> [ABOUT THIS EXERCISE]: Whenever a line of the entries below holds the string "杉の子タイム", copy that line and return it.

━━━━━━

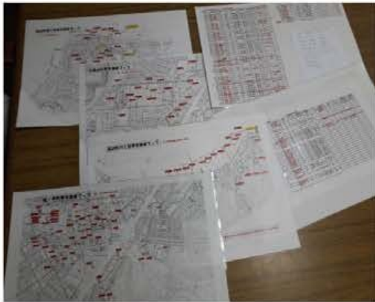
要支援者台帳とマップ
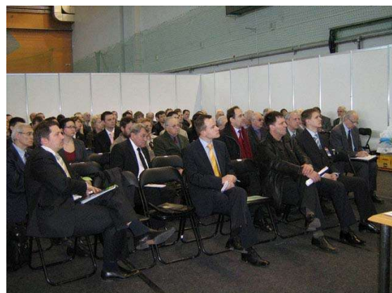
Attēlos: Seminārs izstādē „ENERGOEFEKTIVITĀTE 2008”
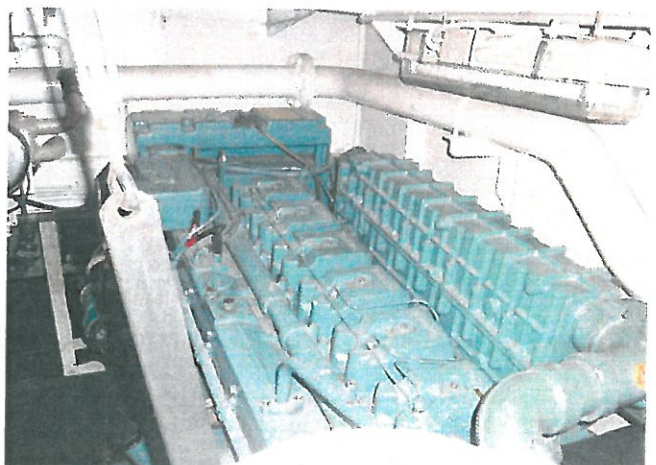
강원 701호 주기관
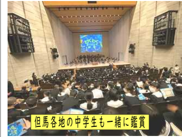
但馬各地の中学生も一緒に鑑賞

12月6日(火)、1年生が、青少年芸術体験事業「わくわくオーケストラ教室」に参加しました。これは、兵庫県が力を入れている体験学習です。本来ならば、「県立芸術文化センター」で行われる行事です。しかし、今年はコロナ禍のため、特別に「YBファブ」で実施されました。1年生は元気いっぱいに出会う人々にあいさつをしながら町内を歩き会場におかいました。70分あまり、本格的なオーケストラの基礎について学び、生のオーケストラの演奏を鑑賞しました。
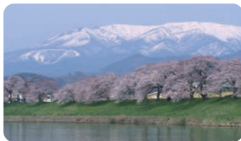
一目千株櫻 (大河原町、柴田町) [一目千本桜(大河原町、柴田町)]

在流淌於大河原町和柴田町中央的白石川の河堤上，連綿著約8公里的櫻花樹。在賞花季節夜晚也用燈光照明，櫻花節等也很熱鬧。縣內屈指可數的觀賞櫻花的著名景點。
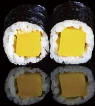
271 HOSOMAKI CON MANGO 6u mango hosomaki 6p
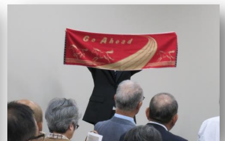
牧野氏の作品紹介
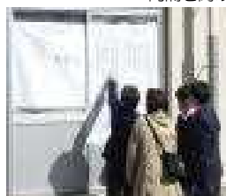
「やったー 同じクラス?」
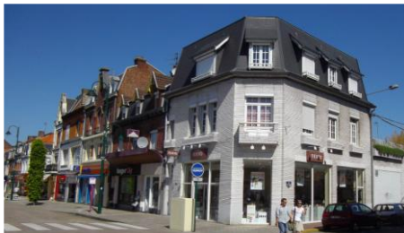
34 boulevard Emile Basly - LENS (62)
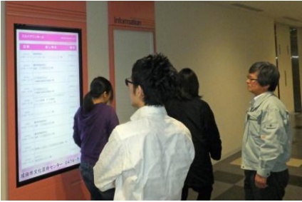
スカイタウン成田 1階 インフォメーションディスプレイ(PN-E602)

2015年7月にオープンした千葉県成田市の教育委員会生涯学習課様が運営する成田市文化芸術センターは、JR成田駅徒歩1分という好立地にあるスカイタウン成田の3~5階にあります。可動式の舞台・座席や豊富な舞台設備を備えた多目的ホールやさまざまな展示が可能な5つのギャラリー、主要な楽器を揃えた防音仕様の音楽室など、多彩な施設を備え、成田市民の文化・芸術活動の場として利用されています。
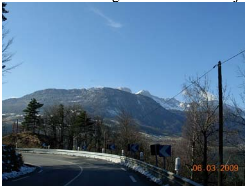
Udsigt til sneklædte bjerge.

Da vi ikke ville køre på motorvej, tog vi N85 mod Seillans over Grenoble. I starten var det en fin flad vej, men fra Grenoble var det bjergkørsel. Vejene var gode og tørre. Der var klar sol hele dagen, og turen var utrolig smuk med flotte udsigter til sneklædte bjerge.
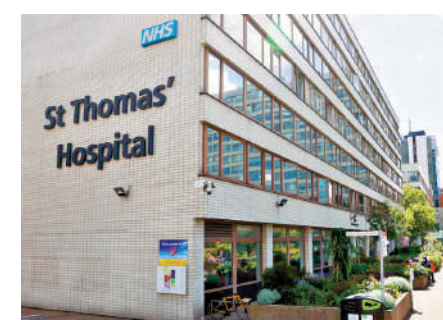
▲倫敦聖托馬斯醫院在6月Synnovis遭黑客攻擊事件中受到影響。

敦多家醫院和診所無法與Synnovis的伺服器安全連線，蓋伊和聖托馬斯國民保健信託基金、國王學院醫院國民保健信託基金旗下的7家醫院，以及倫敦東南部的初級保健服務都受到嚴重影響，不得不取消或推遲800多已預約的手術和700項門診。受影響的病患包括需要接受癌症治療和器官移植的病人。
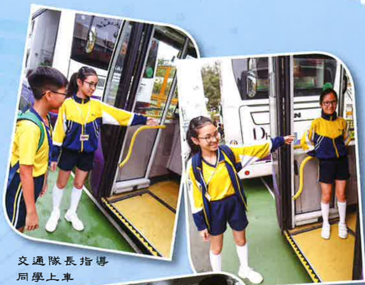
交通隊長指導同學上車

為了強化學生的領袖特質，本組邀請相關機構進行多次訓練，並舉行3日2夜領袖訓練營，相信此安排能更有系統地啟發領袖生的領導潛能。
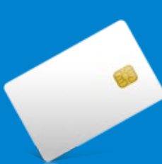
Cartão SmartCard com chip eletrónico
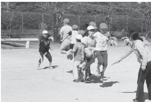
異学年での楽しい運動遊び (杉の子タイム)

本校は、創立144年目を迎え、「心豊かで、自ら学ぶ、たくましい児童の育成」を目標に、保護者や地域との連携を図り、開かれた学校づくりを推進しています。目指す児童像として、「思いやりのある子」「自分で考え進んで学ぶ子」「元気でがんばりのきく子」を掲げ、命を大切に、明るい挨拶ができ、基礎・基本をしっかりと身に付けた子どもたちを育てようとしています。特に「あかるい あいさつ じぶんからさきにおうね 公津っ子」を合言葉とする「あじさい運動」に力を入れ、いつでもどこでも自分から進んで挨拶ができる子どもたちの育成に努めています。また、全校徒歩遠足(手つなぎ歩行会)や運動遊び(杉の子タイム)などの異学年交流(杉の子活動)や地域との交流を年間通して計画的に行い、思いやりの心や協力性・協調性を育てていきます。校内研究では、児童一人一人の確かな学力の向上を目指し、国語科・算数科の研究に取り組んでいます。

━━━━━━

> [EXERCISE RESPONSE]:
異学年での楽しい運動遊び (杉の子タイム)
本校は、創立144年目を迎え、「心豊かで、自ら学ぶ、たくましい児童の育成」を目標に、保護者や地域との連携を図り、開かれた学校づくりを推進しています。目指す児童像として、「思いやりのある子」「自分で考え進んで学ぶ子」「元気でがんばりのきく子」を掲げ、命を大切に、明るい挨拶ができ、基礎・基本をしっかりと身に付けた子どもたちを育てようとしています。特に「あかるい あいさつ じぶんからさきにおうね 公津っ子」を合言葉とする「あじさい運動」に力を入れ、いつでもどこでも自分から進んで挨拶ができる子どもたちの育成に努めています。また、全校徒歩遠足(手つなぎ歩行会)や運動遊び(杉の子タイム)などの異学年交流(杉の子活動)や地域との交流を年間通して計画的に行い、思いやりの心や協力性・協調性を育てていきます。校内研究では、児童一人一人の確かな学力の向上を目指し、国語科・算数科の研究に取り組んでいます。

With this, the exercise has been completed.